Last year, for example I had a beautiful picture of us getting Lei-ed as we arrived in Hawaii. I cropped the picture for a 4 x 6 print (aspect ratio 1.5) and then deciding that it made such a good picture, printed it on a 5 x 7 (AR 1.4) only to discover that the printer chopped off the tops of our heads. Looking further I see that it would get other results if I had tried to print an 8.5 x 11 (AR 1.294...) or a 11 x 17 (AR 1.545...) or a 13 x 19 (AR 1.461...). Fortunately the last two choices are moot because my printer cannot handle theses sized sheets.

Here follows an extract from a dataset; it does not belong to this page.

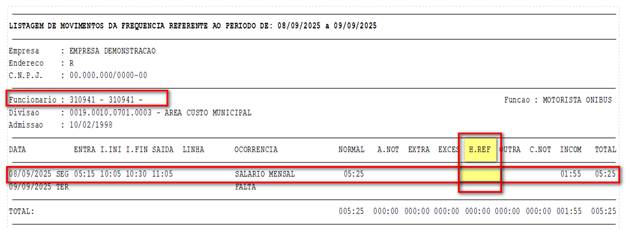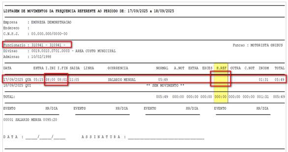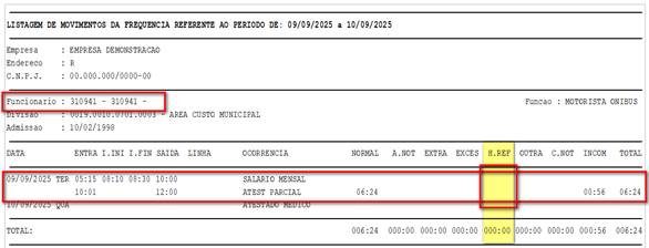 Listagem de Movimento baseada no Modelo 09, agora incluindo a nova coluna "H.REF" (Horas de Refeição), que detalha o valor calculado referente ao intervalo não concedido.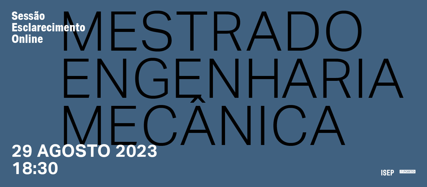 Decorre, no próximo dia 29 de agosto, às 18h30, uma sessão de apresentação e esclarecimentos online, via Zoom, do Mestrado em Engenharia Mecânica (MEM) do Instituto Superior de Engenharia do Porto (ISEP).

There is more. I take a group of pictures and put them on a DVD that we can watch on TV. 60 pictures at 6 seconds each with a sound track will make a high energy 6 minute video of our vacation. However, this creates more aspect ratio choices. Currently TV's are changing their aspect ratio from 4 x 3 (AR 1.333...) to 16 x 9 (1.777...). (And why has the convention changed to putting the larger number first?) In practice TV's are even more difficult as they naturally chop off some lines at the top and bottom of the picture so that a video of still images introduces even more uncertainty when deciding how to crop the images.

If we want to see the whole image in the video, we can look at it on a computer monitor which does not lose scan lines from the top and bottom and will scale everything to fit. But there is a problem even in the logical world of computers. Most of the standard display settings have an aspect ratio of 1.333... (800 x 600, 1024 x 768, 1600 x 1200) however the majority of computer displays sold today are LCD panels at 1280 x 1024 (AR 1.25).

More confusing yet, the display size of 1280 x 768 (AR 1.666...) is becoming popular in both laptops that can be used for watching DVD's on long flights and with LCD TV's where the aspect ratio seems to match what is shown on a 16 x 9 TV even although 1.66... is not 1.77...

There is a lot more to aspect ratio and it only gets worse. For example, the above discussion assumed that the pixels were square which they do not need to be. I have some ideas on what can be done which will have to wait until another time.